[Recorded data]
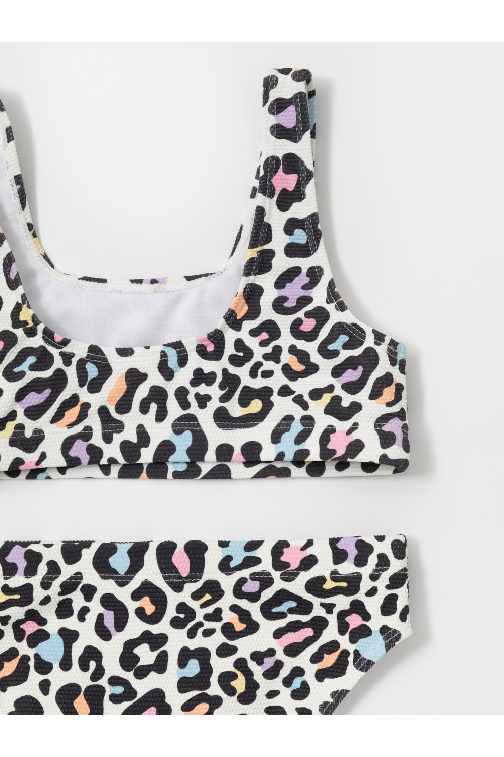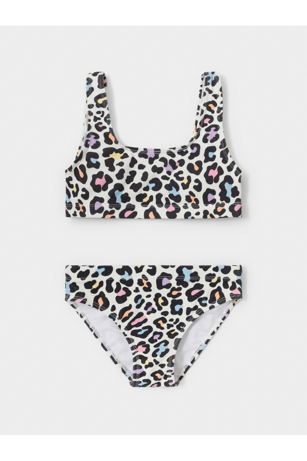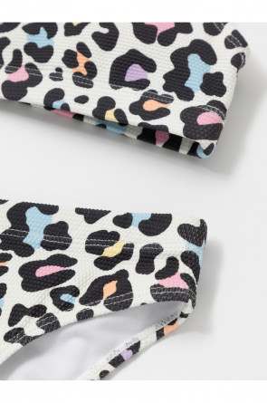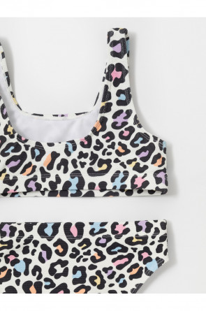 Раздельный купальник из жатого материала для девочки. Топ на эластичных лямках и плавки на резинке. Внутри подклад. Оригинальная набивка выполнена из стойких гипоаллергенных красителей.
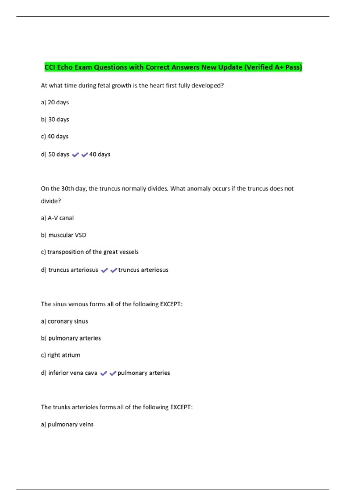 CCI Echo Exam Questions with Correct Answers New Update (Verified A+ Pass)
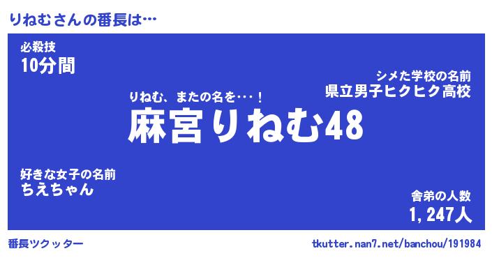 | 意味不明あだ名 | 『ペロリンりねむ』『りねむフォーエバー』 |
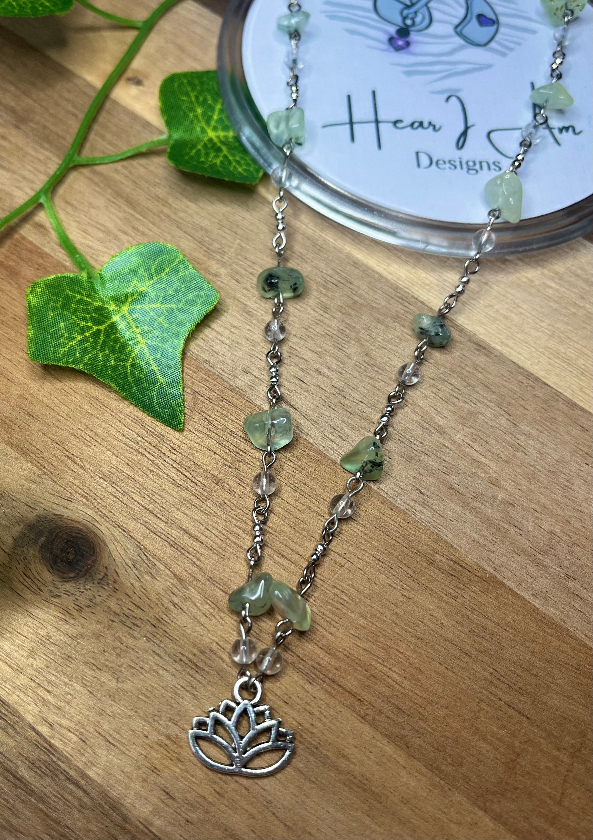 Lotus Beaded Necklace - Prehnite, Clear Quartz and Stainless Steel Beads
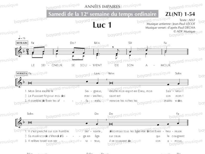 Samedi de la 12e semaine du temps ordinaire, années impaires (Cantique de Luc 1, Alléluia) - ZL(NT)1-54
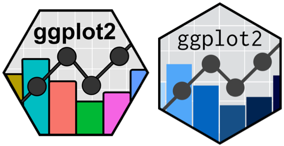 图 3:ggplot2 六边形徽标的两个早期版本。我找不到任何关于第一个版本(左图)创作者的记录,但考虑到六边形的方向不正确,我推测是我创作的。第二个版本(右图)是我与 Garrett Grolemund 共同创作的。

• Exercise brief:
Print every record above exactly, but no pictures.

• Expected answer:
 Раздельный купальник из жатого материала для девочки. Топ на эластичных лямках и плавки на резинке. Внутри подклад. Оригинальная набивка выполнена из стойких гипоаллергенных красителей.
 CCI Echo Exam Questions with Correct Answers New Update (Verified A+ Pass)
 | 意味不明あだ名 | 『ペロリンりねむ』『りねむフォーエバー』 |
 Lotus Beaded Necklace - Prehnite, Clear Quartz and Stainless Steel Beads
 Samedi de la 12e semaine du temps ordinaire, années impaires (Cantique de Luc 1, Alléluia) - ZL(NT)1-54
 图 3:ggplot2 六边形徽标的两个早期版本。我找不到任何关于第一个版本(左图)创作者的记录,但考虑到六边形的方向不正确,我推测是我创作的。第二个版本(右图)是我与 Garrett Grolemund 共同创作的。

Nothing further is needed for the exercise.